DVD Review – Cure

Finally, the last of my Halloween Asian horror reviews! Unfortunately, the movie sucked. There are spoilers.

Cure (Japan, 1997)

Cure is billed as a horror movie, but it’s really more of a psychological thriller. I wanted to like Cure, I really did. The concept is, as far as I know, unique among suspense films. Unfortunately, I just couldn’t get into it; despite the interesting idea behind it, the movie is a jumbled mess.

Takabe is a police detective with a face like a basset hound and Richard Gere hair. His wife is disabled; she seems to have short-term memory loss so severe that she can go to the convenience store and get lost on the way home. It’s a stressful situation for Takabe, who secretly feels that his wife has become a burden instead of a partner. As if that weren’t weird enough, he’s stuck on a really bizarre case: a string of serial murders with one connection; every victim has an X cut into their throat, severing both carotid arteries. In each case, the murderer is apprehended quickly, because they make no attempt to hide or cover up the crime. They’re all normal people: a doctor, a loving husband, a cop. All of them seem to have no memory of the events leading up to the murder, and are horrified by their actions afterward.

In his investigation, Takabe turns up another connection between the killings. Shortly before each murder, the perps had encounters with a scruffy young drifter named Mamiya, who seems to have no short-term memory whatsoever. Takiya finally gets his hands on Mamiya, who plays dumb. But Takabe knows he is hiding something.

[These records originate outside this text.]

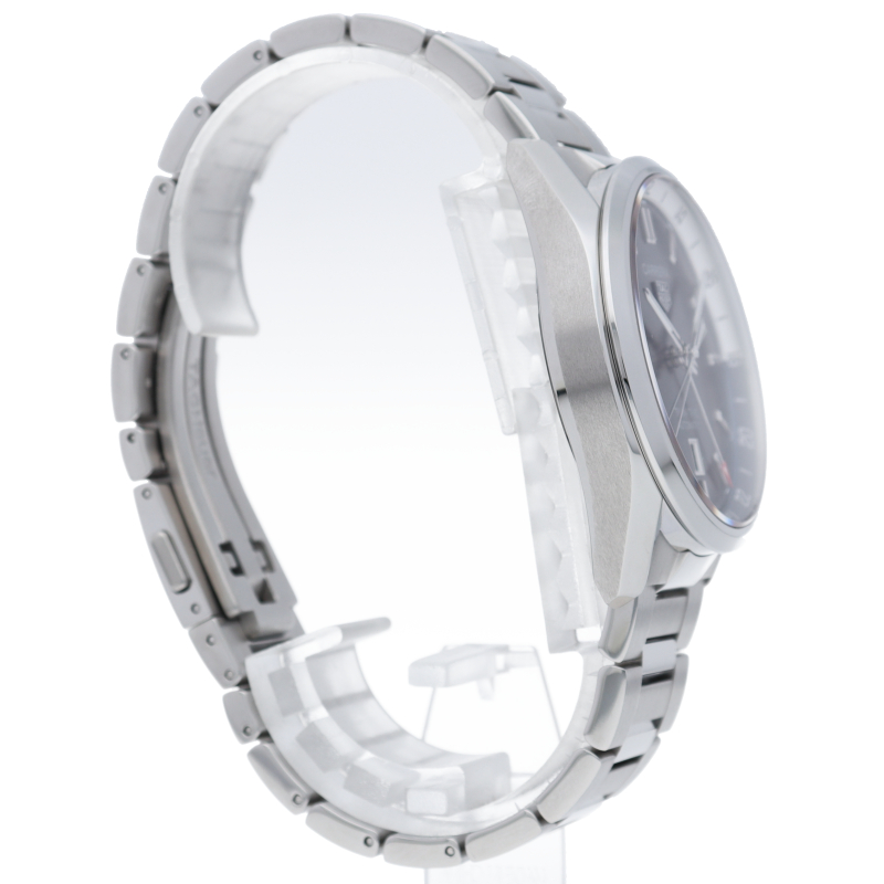 キャリバー7ツインタイムを搭載したこのモデルは、ダイヤル外縁の24時間計と先端の赤いGMT針でセカンドタイムゾーンを表示し、ケースバックからムーブメントの精緻な意匠が鑑賞できるのも魅力です。
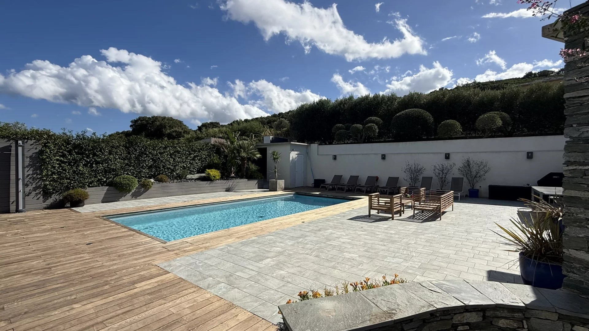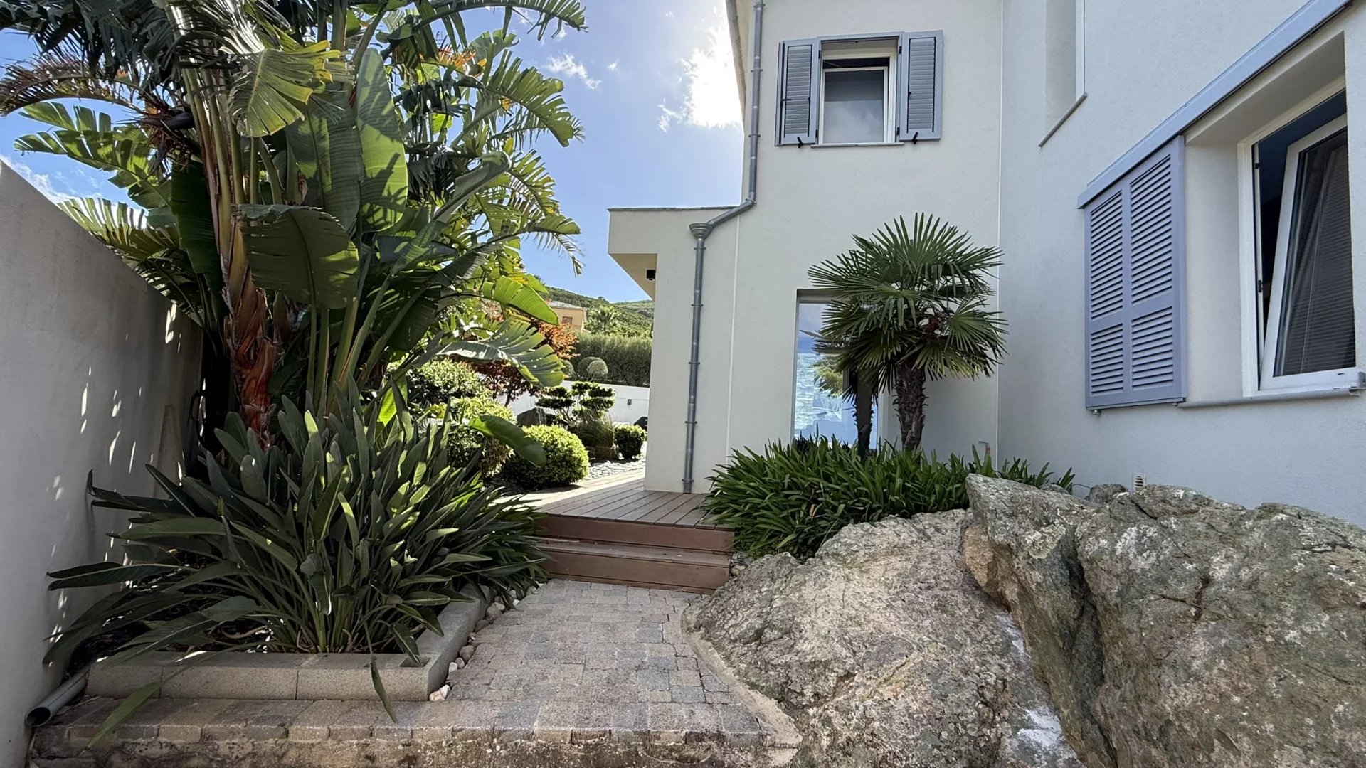 L’agence vous propose une très belle villa soignée, sa vue mer et montagne, ses espaces extérieurs, ses terrasses, sa piscine et son parc paysagé.
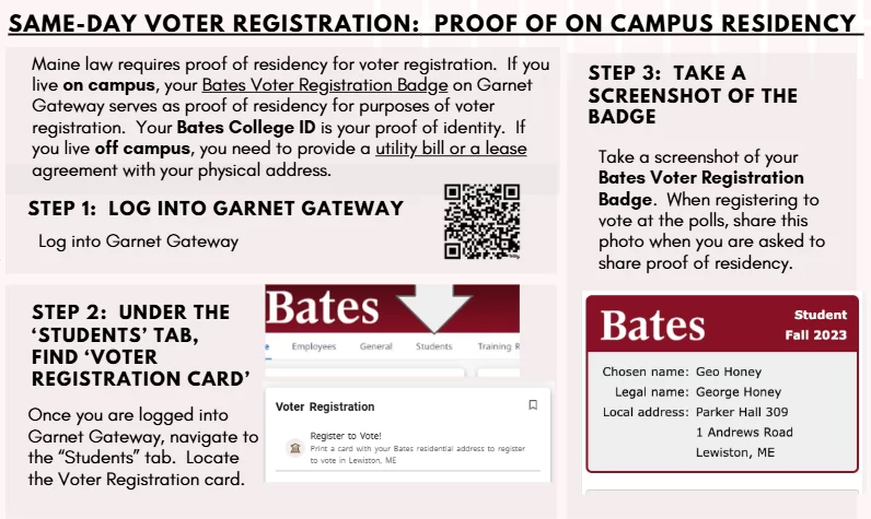 Anytime a student moves dorms, they must re-register to vote. Bates students who are U.S. citizens and over 18 years old by Election Day are eligible to register and vote in Lewiston. Maine has same-day voter registration, which allows students to update their registration or register to vote for the first time in Maine.
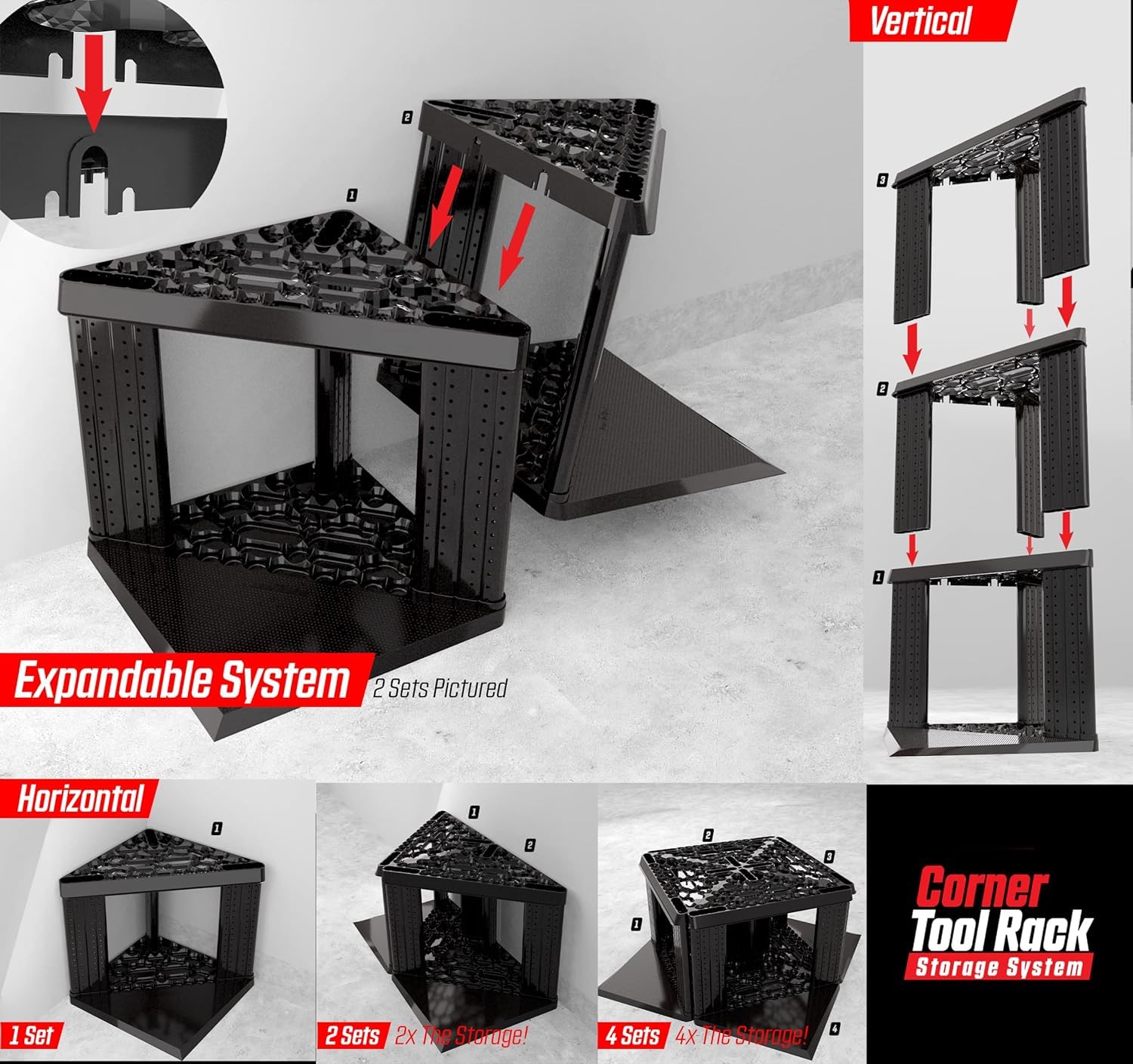 - UNIQUE PEG BOARD FEATURE -- Corner Tool Racks are great for large tools, but what about your smaller tools? PeerBasics's patent-pending design utilizes even more space. Allowing you to hang up to 40 smaller tools on the front of the rack! Customize the layout to your liking.
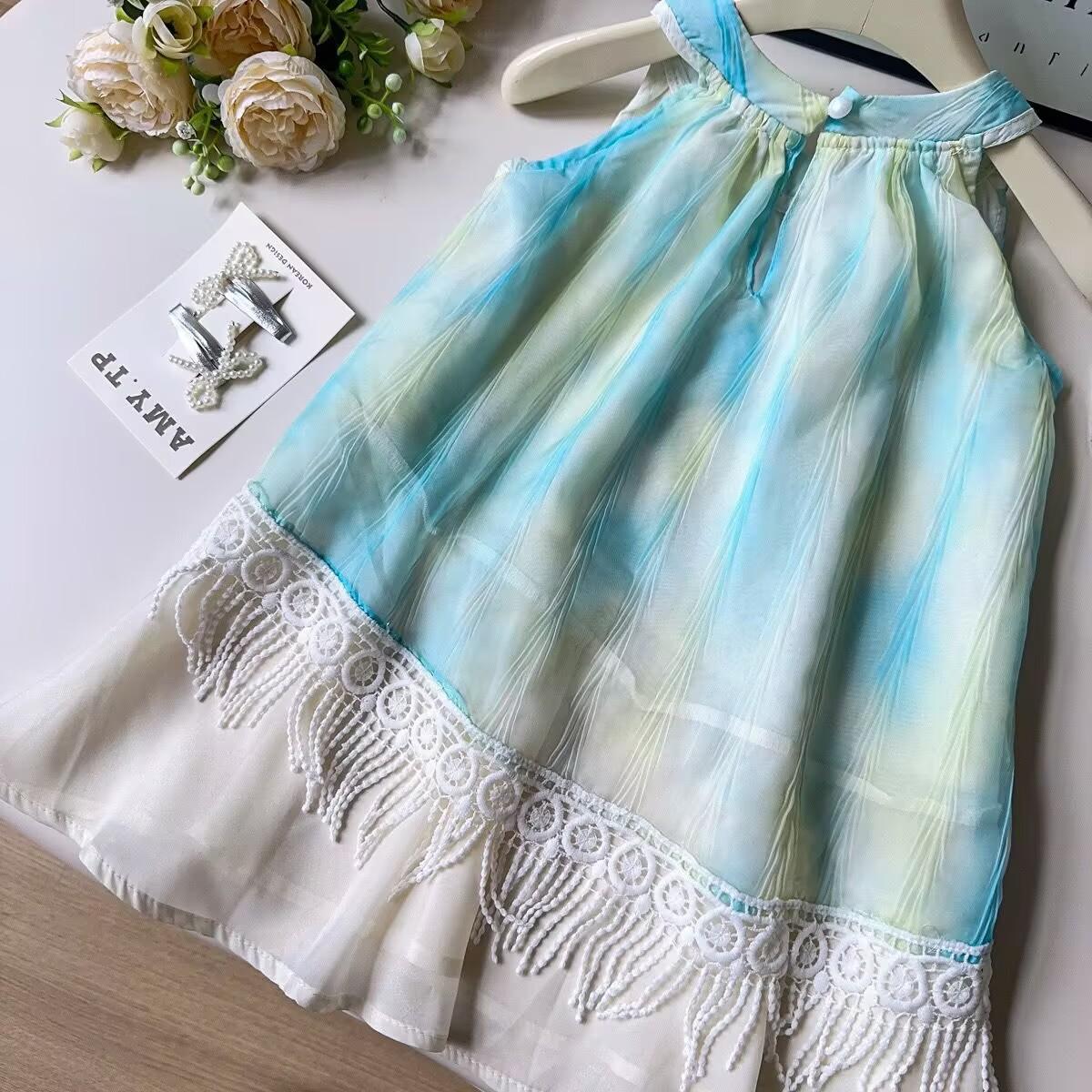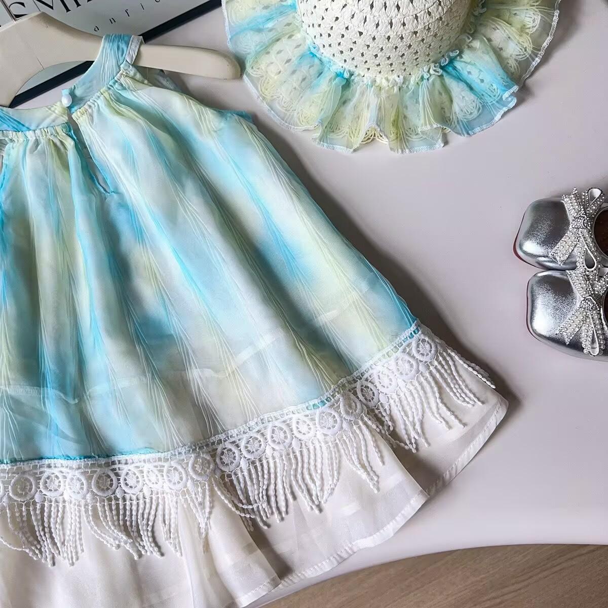 Vestido de niña 2025 Verano Nuevo Sin Mangas Borla Vestido de Vacaciones Vestido de Princesa para Niña
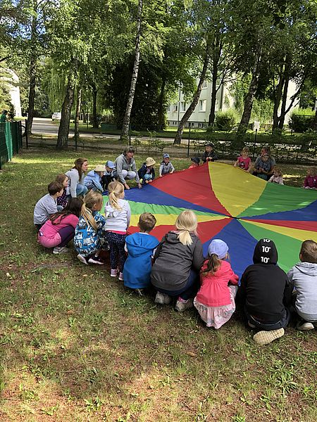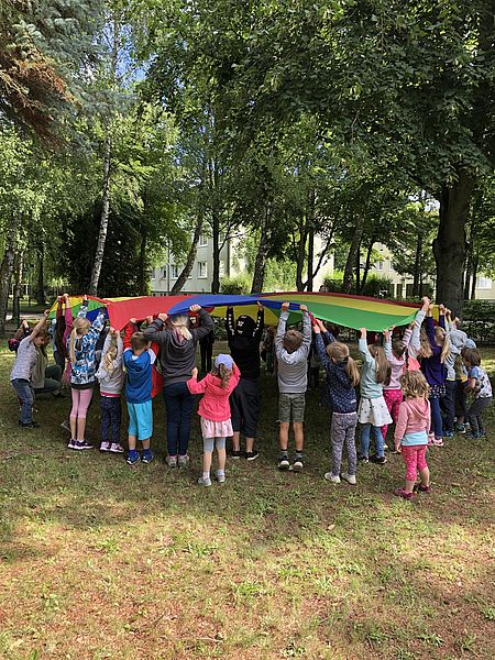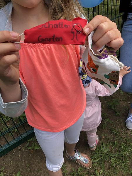 Der Schattenplatz wurde nun heute mit Schlüsselübergabe, Durchtrennen des Absperrbandes, Yoga rund um den großen Baum und ein paar Spielen mit dem Schwungtuch von den Kindern übernommen.
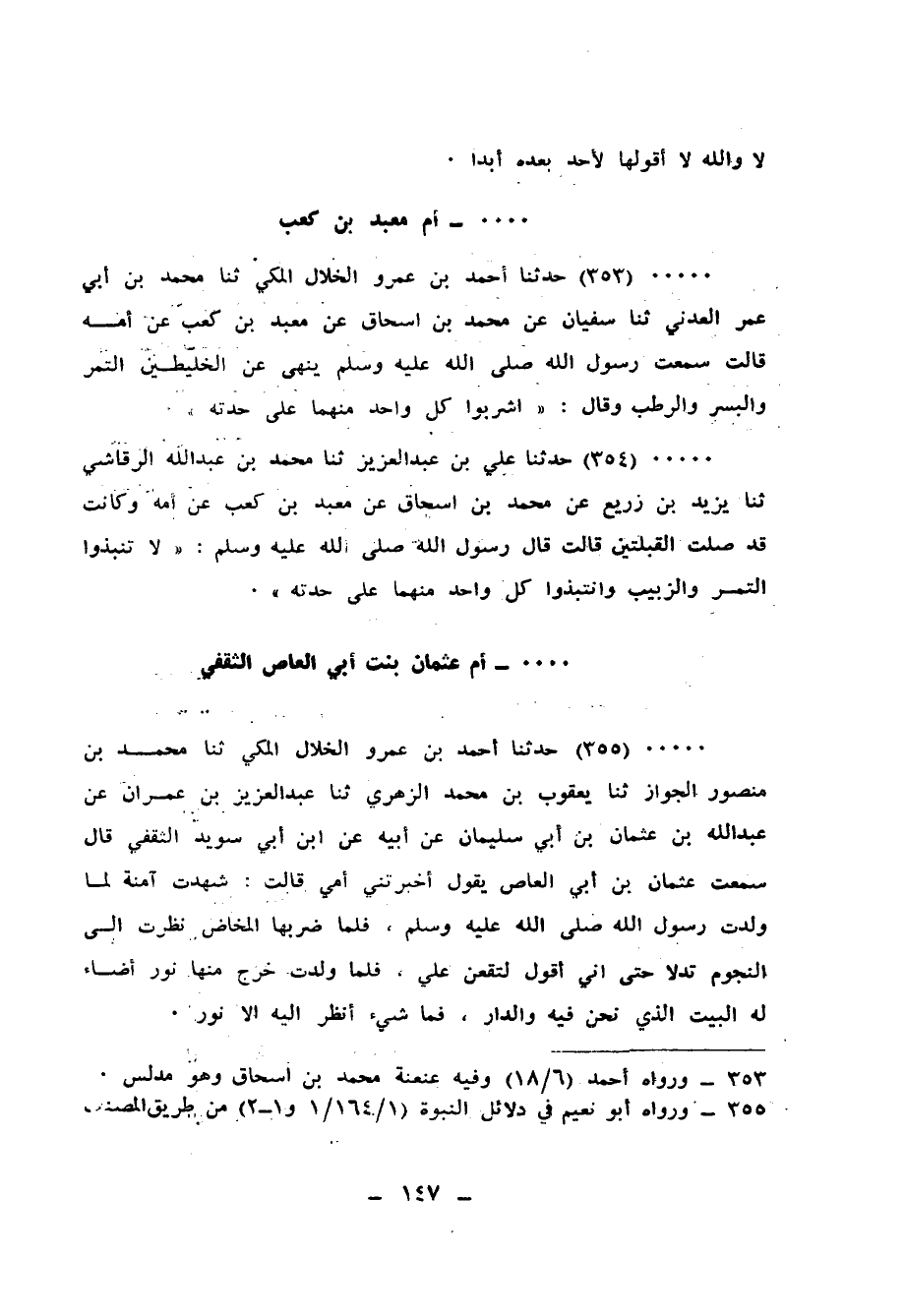 354 - حَدَّثَنَا عَلِيُّ بْنُ عَبْدِ الْعَزِيزِ، ثنا مُحَمَّدُ بْنُ عَبْدِ اللهِ الرَّقَاشِيُّ، ثنا يَزِيدُ بْنُ زُرَيْعٍ، عَنْ مُحَمَّدِ بْنِ إِسْحَاقَ، عَنْ مَعْبَدِ بْنِ كَعْبٍ، عَنْ أُمِّهِ، وَكَانَتْ قَدْ صَلَّتِ الْقِبْلَتَيْنِ، قَالَتْ: قَالَ رَسُولُ اللهِ صَلَّى اللهُ عَلَيْهِ وَسَلَّمَ:: §لَا تَنْبِذُوا التَّمْرَ وَالزَّبِيبَ، وَانْتَبِذُوا كُلَّ وَاحِدٍ مِنْهُمَا عَلَى حِدَتِهِ "

With the help of a police psychologist, Takabe learns that Mamiya is a former psychology student who is obsessed with hypnotism. He’s not actually an amnesiac at all; he uses that as an excuse to approach people and hypnotize them into killing others. But Takabe seems immune to his powers, which fascinates Mamiya. Mamiya eventually escapes from police custody. Takabe chases him down and kills him, then apparently takes up Mamiya’s mantle, mesmerizing others to make them kill.

The main problem with Cure is that is explains nothing. Nothing. I am all for open endings and for some mystery to make the viewer think, but Cure doesn’t make a damn bit of sense. Why is Mamiya all about hypnotism? Why does he want to make other people- total strangers- kill? Why can’t he hypnotize Takabe? Why does Takabe kill him? Why would the detective take over Mamiya’s work? What the Hell does the title mean? Takabe learns that the Japanese are traditionally leery of hypnotism. At one point, the police psychologist shows Takabe an old film of a woman undergoing hypnotherapy, and explains that the woman later killed her son, cutting his throat in an X. They make much of the fact that you can’t see the hypnotist’s face in the film – but nothing ever comes if it. They make the vaguest suggestions about an underground secret society of murderous Japanese hypnotists, but the hint is so obscure you can’t even be sure that’s what they’re getting at.

The movie isn’t particularly well-shot, either. There are numerous long-distance shots – entire scenes are shot from far away, so the characters look like insects while they converse in voice-overs (there’s lots of talking in this movie, but none of it really tells the audience anything) and long, slow scenes that had no apparent purpose other than padding Cure’s running time.

Because the movie gives us nothing concerning Mamiya’s or Takabe’s motivations, the actors don’t have much subtlety, or even much to do at all. Koji Yakusho is alternately mopey and angry as Takabe. Masato Hagiwara, is annoying as Hell, but since that’s the nature of the character I guess he did what he could with what he was given.

Cure could have been good, or at least entertaining in an outrageous, Dan Brown-y way; the idea is neat. But the writers just didn’t put in enough effort. It’s fine for a movie to leave a few untied strings, but when there are far more questions than answers, we have a problem.

Recommend-o-meter: Cure doesn’t fulfill its potential. Don’t waste your time.